The image above depicts this reaction: 6H2 + 2N2 4NH3

An illustration of this situation is shown at right. Notice that when nitrogen molecules are doubled, so is the number of ammonia molecules. But what if when the number of nitrogen molecules is doubled the number of hydrogen molecules is not doubled? Say there are 2 N₂ molecules but only 3 H₂ molecules. What happens then? The answer is that there is too much nitrogen for the amount of hydrogen. One molecule of N₂ will react but one will be left over because there are no more H₂ molecules to react with it. This situation, and its results, are shown below.

This illustration shows what happens when 3 molecules of hydrogen are reacted with 2 molecules of nitrogen. Two molecules of ammonia form and one molecule of nitrogen is left over.

The scenarios described above introduce and illustrate the concept of the limiting reactant. A limiting reactant is the chemical for which the supply is less than the molar ratio required in the balanced chemical equation. Consider the combustion of propane:

C₃H₈ + 5O₂ 3CO₂ + 4H₂O

Say you have 1 mol of propane to burn. Of course, this would require 5 mol O₂ to burn it all. What if you only have 2.5 mol O₂? In that case, you could only burn 0.5 mol of the propane, leaving 0.5 mol unburnt. A more realistic scenario is that you have a limited amount of fuel and an unlimited amount of oxygen. This is usually the case in the open air on the surface of the Earth. The atmosphere contains so much oxygen, and plants are producing more all the time, that burning a little propane is not enough to use up all the oxygen available.

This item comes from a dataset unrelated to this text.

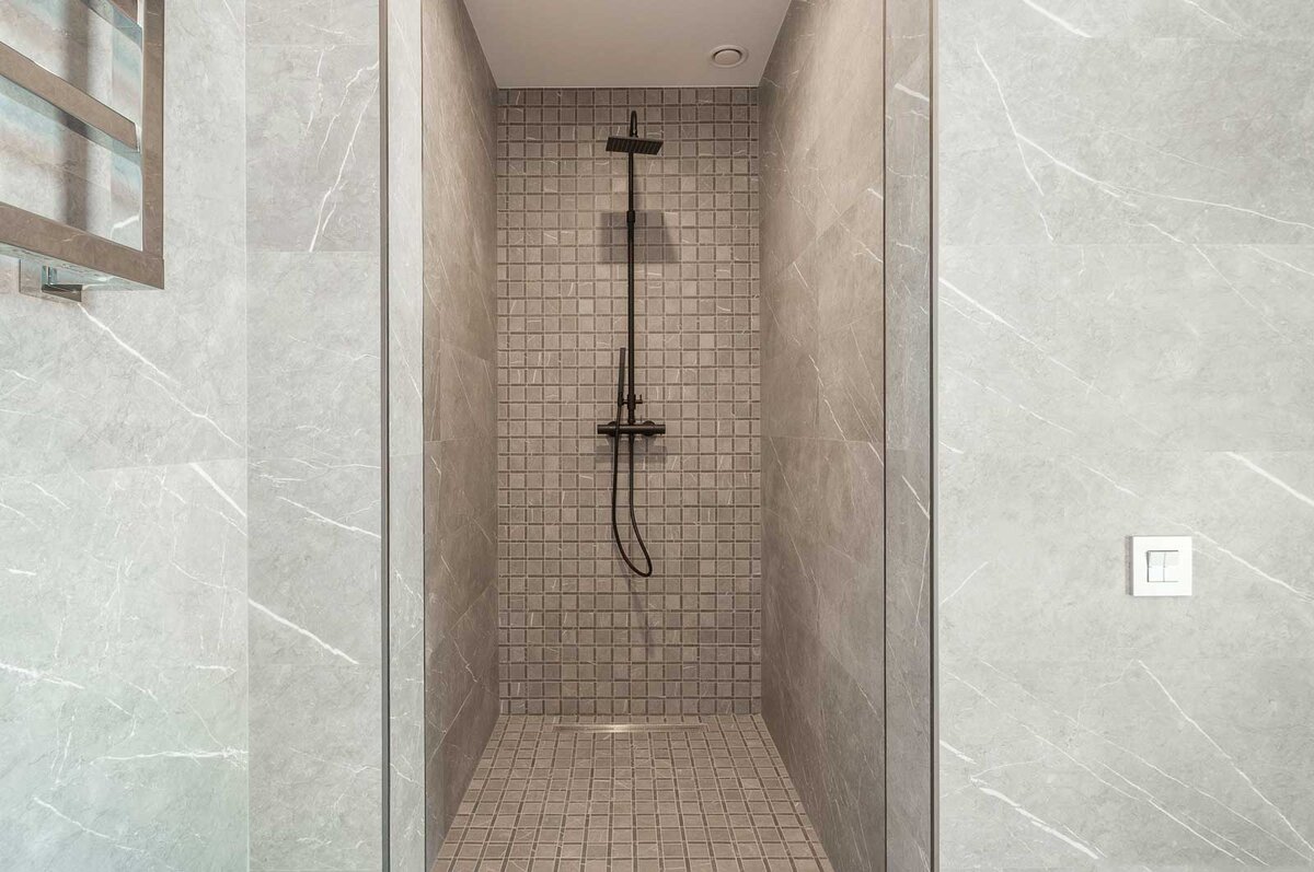 When choosing what tiles to use in the shower cabin instead of a tray, anti-slip tiles are the natural choice, but wall tiles must also be considered. When choosing wall tiles, the priority should be their ease of cleaning, as it is impossible to avoid water residue and cosmetic build-up. Matte tiles work well for shower walls, as dirt is less visible on them.

If a problem states that one reactant is ‘unlimited’ it means that the other reactant is the limiting reactant. Take the case of unlimited oxygen: how much carbon dioxide is produced when all of the propane in a typical propane tank is burned? Typically, a propane tank holds about 4.6 gallons of liquefied propane. Since it has a density of 4.11 pounds per gallon (0.493 g/cm³) that means that the tank holds 8.5 kg (8,500 g). The molar mass of propane is 44.096 g/mol so 8.5 × 10³ g is 190 moles of propane. Clearly, the propane is the limiting reactant in this case since oxygen from the air is basically unlimited. So how many moles of carbon dioxide would be produced by burning all of the propane in the tank?

               3 mol CO2
190 mol C3H8 × ---------- = 570 mol CO2
               1 mol C3H8

Similarly, the amount of water that is produced depends only on the amount of propane burnt. So far so good. But what if the problem does not say which reactant is in excess? How can you decide which one it is?

Example 1

3Cu + 8HNO₃ 3Cu(NO₃)₂ + 2NO + 4H₂O

The equation above shows what happens when copper metal is dissolved in nitric acid. How many moles of nitrogen monoxide gas (NO) are made when 2.00 mol copper (Cu) are placed in a solution containing 5.00 mol nitric acid (HNO₃)? One reactant or the other will be used up first. When it is, the amount of product being made can no longer increase. If we calculate the amount of product expected for both reactants, then whichever one ends up making less was the limiting reactant. And the amount calculated for that reactant is the amount that is actually made.

                 2 mol NO
5.00 mol HNO3 × ----------- = 1.25 mol NO
                 8 mol HNO3

                 2 mol NO
2.00 mol Cu   ×   ----------- = 1.33 mol NO
                 3 mol Cu

Since the calculation with the 5.00 mol HNO₃ produced a smaller amount of the product, NO, it means that HNO₃ was the limiting reactant. The amount of NO produced in the reaction is 1.25 mol.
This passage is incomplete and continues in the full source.